How does heart health affect brain health?

How does heart health affect brain health?
Share on Pinterest
Updated data from the American Heart Association (AHA) emphasize the crucial link between heart and brain health. Image credit: Hiroshi Watanabe/Getty Images.
  • The 2022 Update of the AHA’s Heart Disease and Stroke Statistics emphasizes the bidirectional relationship between brain and heart health.
  • Globally, the number of dementia cases and deaths has increased alarmingly over the past 3 decades, more than heart disease.
  • Modifying risk factors for cardiovascular disease, such as smoking, diabetes, high blood pressure, obesity, and high cholesterol, may promote healthy aging and prevent cognitive decline.

Current evidence suggests a robust connection between brain health and cardiovascular health. Damage to the heart and blood vessels can increase a person’s risk of stroke and dementia.

A stroke occurs when a clot blocks blood flow or when a blood vessel ruptures in the brain. Strokes cause the death of brain tissue, sometimes resulting in a decline in memory and profound disability.

Additionally, the cumulative effect of multiple small silent strokes — which health experts call ministrokes — can cause vascular dementia. Dementia can have a detrimental impact on memory, cognitive functioning, and personality.

The AHA and the National Institutes of Health (NIH) update vital heart disease and stroke statistics annually. Their joint report highlights data related to important modifiable risk factors affecting cardiovascular health and outcomes associated with the quality of care, procedures, and economic costs for cardiovascular-related conditions.

The AHA Council on Epidemiology and Prevention Statistics Committee and Stroke Statistics Subcommittee recently published “The Heart Disease and Stroke Statistics — 2022 Update: A Report From the American Heart Association” in the AHA’s peer-reviewed journal Circulation.

According to 2020 Global Burden of Disease (GBD) study data, the number of people worldwide with Alzheimer’s disease and related dementias increased at a greater rate than that of people with ischemic heart disease (IHD). From 1990 to 2020, the prevalence of Alzheimer’s disease and related dementias increased about 144% globally, compared with 120% for IHD.

The study reports more dramatic differences in Alzheimer’s disease and related dementias death rates during the same time frame, with an approximately 185% increase in Alzheimer’s disease and related dementias deaths and a 66% increase in IHD-related deaths.

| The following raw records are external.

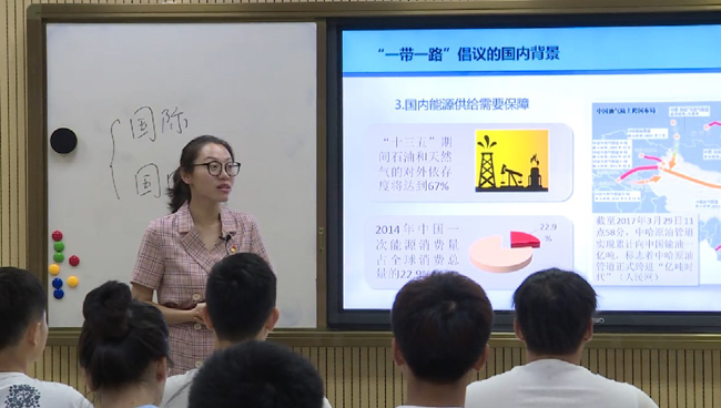 刘颖洁老师教授的《一带一路:从总体布局到走深走实》一课,初赛视频在Beat365官网“微课慕课制作中心”录制,刘颖洁老师将信息化技术融入思政课教学实践中,以提出问题、分析问题、解决问题的思路,通过一带一路倡议的背景、成果、发展等教学内容的层层递进设计,对教学重点有效的进行点拨和启发;在课堂上形成师生合作,生生合作,相互补充的学习氛围;把思政小课堂同社会大课堂结合起来,教育、引导学生担负起国家和时代赋予当代大学生的责任与使命。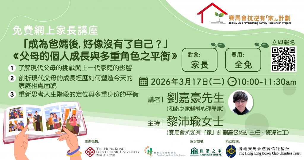 賽馬會抗逆有「家」計劃 – 【免費網上家長講座】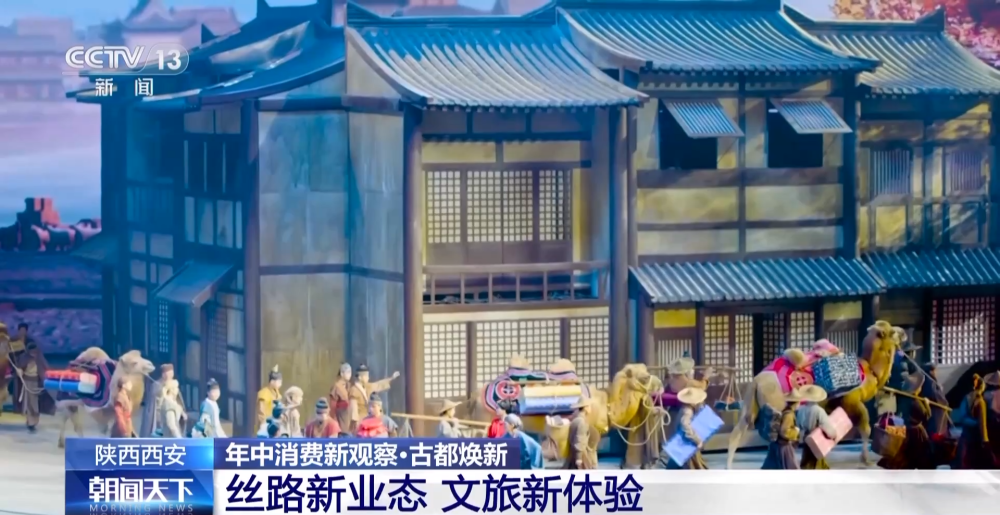 多元文化匯聚西安,帶來(lái)的不僅是進(jìn)口商品消費(fèi)的火熱,更有精神文化的滋養(yǎng)。臺(tái)上正在演繹的實(shí)景歌舞劇《駝鈴傳奇》,以盛唐為背景,講述了商貿(mào)駝隊(duì)勇敢開(kāi)拓絲路的故事。通過(guò)光影虛實(shí)依次呈現(xiàn),伴隨驚心動(dòng)魄的故事,讓觀眾大呼過(guò)癮。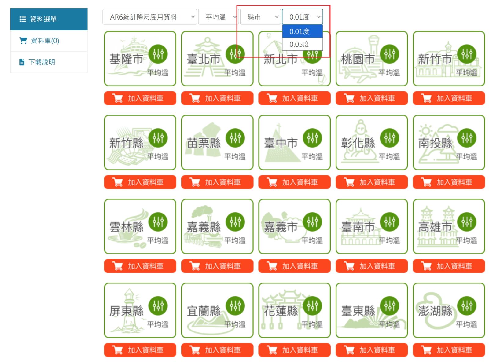 月資料下載請點選 AR6統計降尺度月資料->任一變數->縣市->0.01度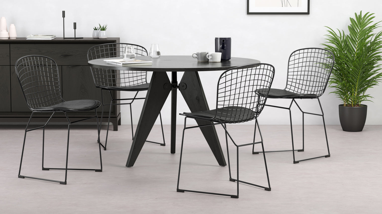 Precision-welded of steel wire with a classic leather seat pad, this chair is beloved for its fusion of engineering acumen and everyday comfort.

A systematic analysis of the 2017 GBD study — the most recent data available — reports that 2.9 million people in the United States had an Alzheimer’s disease or Alzheimer’s disease and related dementias diagnosis.

It

Read More

Mississippi bill sets spiritual exemption on COVID vaccine | Health and Fitness

Mississippi bill sets spiritual exemption on COVID vaccine | Health and Fitness

JACKSON, Overlook. (AP) — Mississippi federal government entities could not withhold solutions or refuse careers to individuals who pick not to get vaccinated towards COVID-19 less than a invoice that passed the Republican-managed state Home on Thursday.

That prohibition incorporates state businesses, town and county governments and schools, neighborhood schools and universities.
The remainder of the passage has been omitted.